* **YOUR GOAL**:
Every line below from the one containing "Der im Set enthaltene" through the one containing "罗湖社区家园网讯:2019年" is to be printed exactly, with the pictures omitted.
╭──
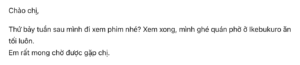 “Chào chị, thứ bảy tuần sau mình đi…”(親しみやすく、かつ敬意がある自然な表現)
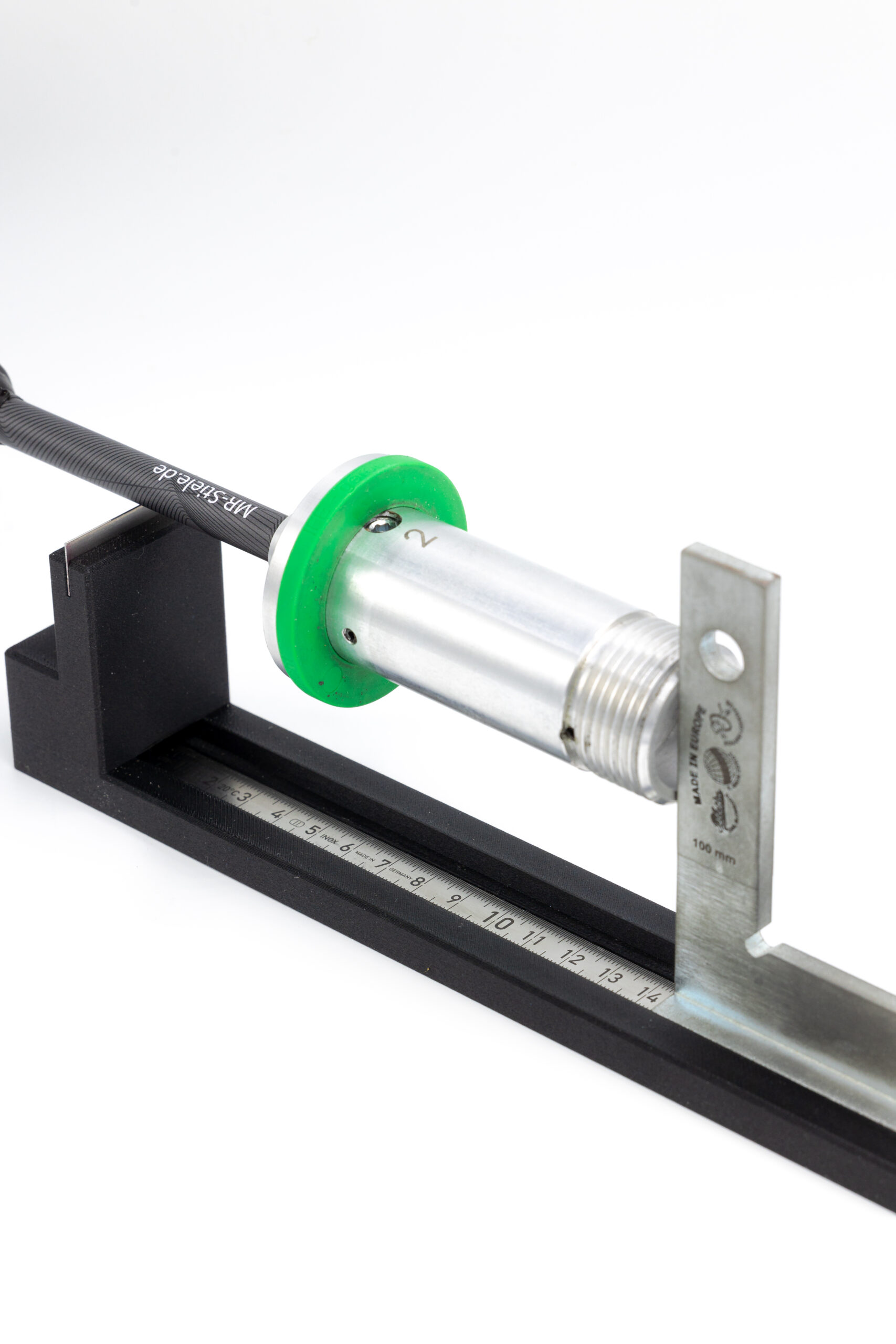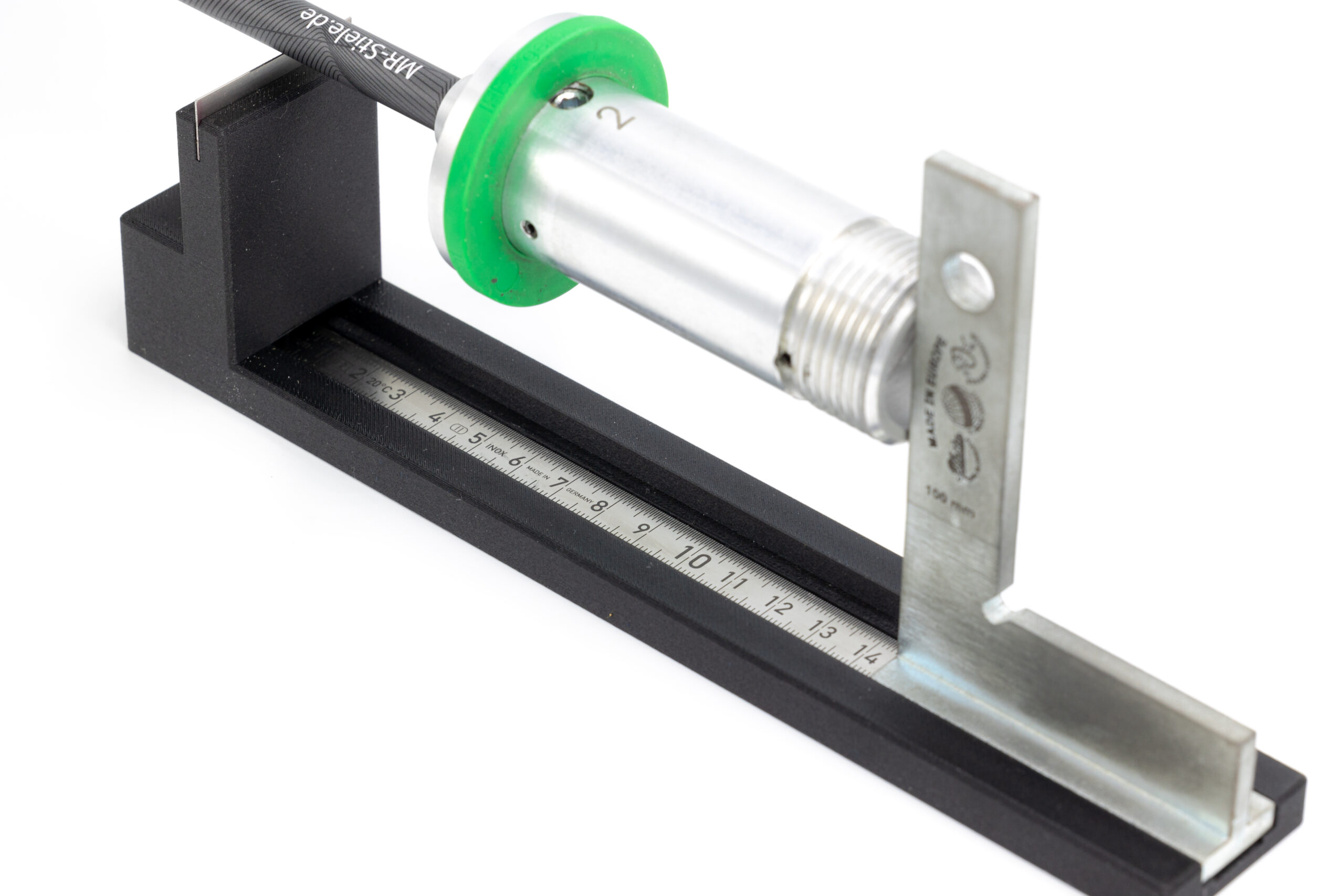 Der im Set enthaltene Metallwinkel erlaubt die exakte Positionierung und erleichtert die Ausrichtung der Messung.
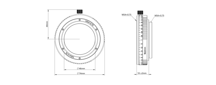 Askar M54/M54 Backfocus Adjuster to precyzyjny adapter umożliwiający dostosowanie odległości roboczej kamer i innych akcesoriów optycznych wyposażonych w gwinty M54.
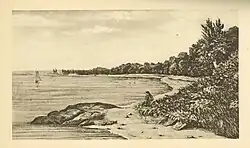 Accordingly, Williams and Thomas Angell crossed the Seekonk River in search of a new location suitable for settlement. Upon reaching the shore, Williams and Angell were met by Narragansett people who greeted them with the words "What cheer, Netop" (transl. Hello, friend). The settlers then continued eastward along the Providence River, where they encountered a cove and freshwater spring. Finding the area suitable for settlement, Williams acquired the tract from sachems Canonicus and Miantonomi.[25] Here, Williams and his followers established a new, permanent settlement, convinced that divine providence had brought them there. They named it Providence Plantations.[26]
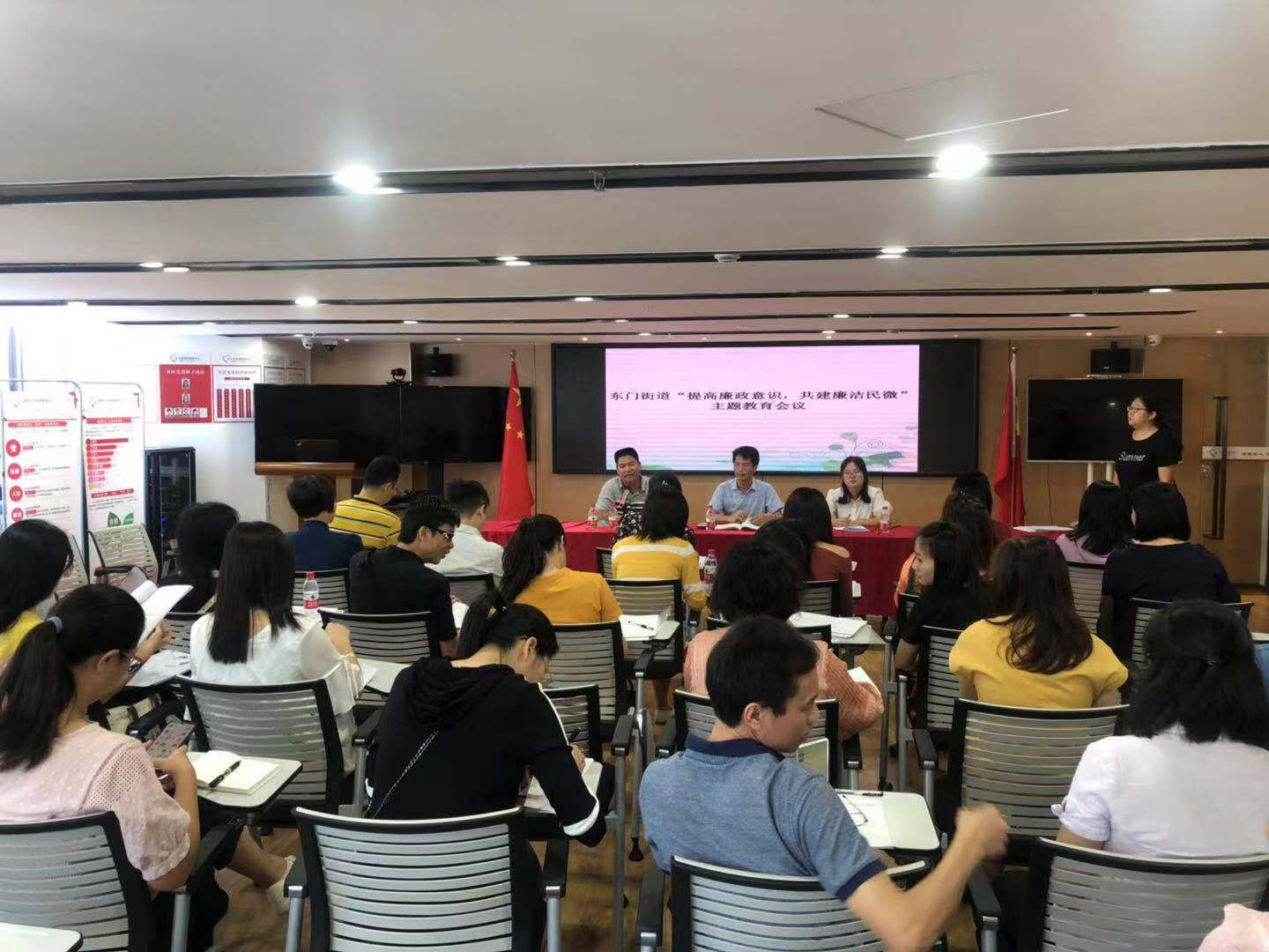 罗湖社区家园网讯:2019年10月17日星期四上午9:30,湖贝社区党委书记、副书记,及民微工作人员参加东门街道“提高廉政意识,共建廉洁民微”主题教育会议。
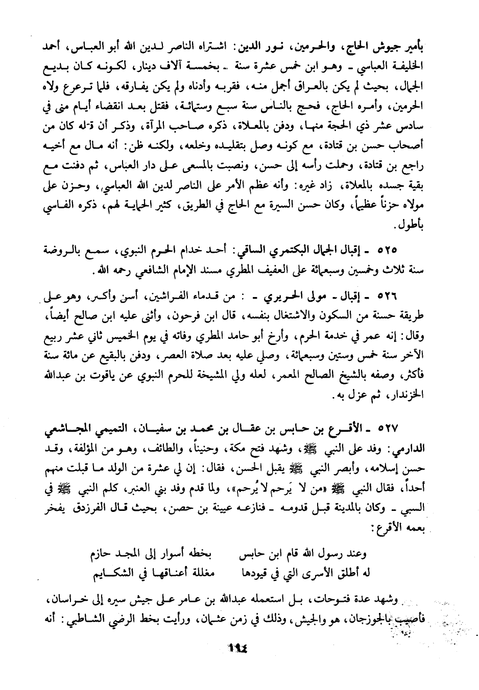 526 - إقبال مولى الحريري من قدماء الفراشين أسن وأكبر وهو على طريقة حسنة من السكون والاشتغال بنفسه قال ابن فرحون وأثنى عليه ابن صالح أيضا وقال إنه عمر في خدمة الحرم وأرخ أبو حامد المطري وفاته في يوم الخميس ثاني عشر ربيع الآخر سنة خمس وستين وسبعمائة وصلي عليه بعد صلاة العصر ودفن بالبقيع عن مائة سنة فأكثر وصفه بالشيخ الصالح المعمر لعله ولي المشيخة للحرم النبوي عن ياقوت بن عبد الله الخزندار ثم عزل به.
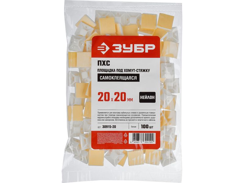 Площадка под хомут-стяжку ПХС самоклеющаяся белая, 20 x 20 мм, 100 шт, нейлоновая, ЗУБР
╰──
* **EXERCISE OUTPUT**:
 Der im Set enthaltene Metallwinkel erlaubt die exakte Positionierung und erleichtert die Ausrichtung der Messung.
 Askar M54/M54 Backfocus Adjuster to precyzyjny adapter umożliwiający dostosowanie odległości roboczej kamer i innych akcesoriów optycznych wyposażonych w gwinty M54.
 Accordingly, Williams and Thomas Angell crossed the Seekonk River in search of a new location suitable for settlement. Upon reaching the shore, Williams and Angell were met by Narragansett people who greeted them with the words "What cheer, Netop" (transl. Hello, friend). The settlers then continued eastward along the Providence River, where they encountered a cove and freshwater spring. Finding the area suitable for settlement, Williams acquired the tract from sachems Canonicus and Miantonomi.[25] Here, Williams and his followers established a new, permanent settlement, convinced that divine providence had brought them there. They named it Providence Plantations.[26]
 罗湖社区家园网讯:2019年10月17日星期四上午9:30,湖贝社区党委书记、副书记,及民微工作人员参加东门街道“提高廉政意识,共建廉洁民微”主题教育会议。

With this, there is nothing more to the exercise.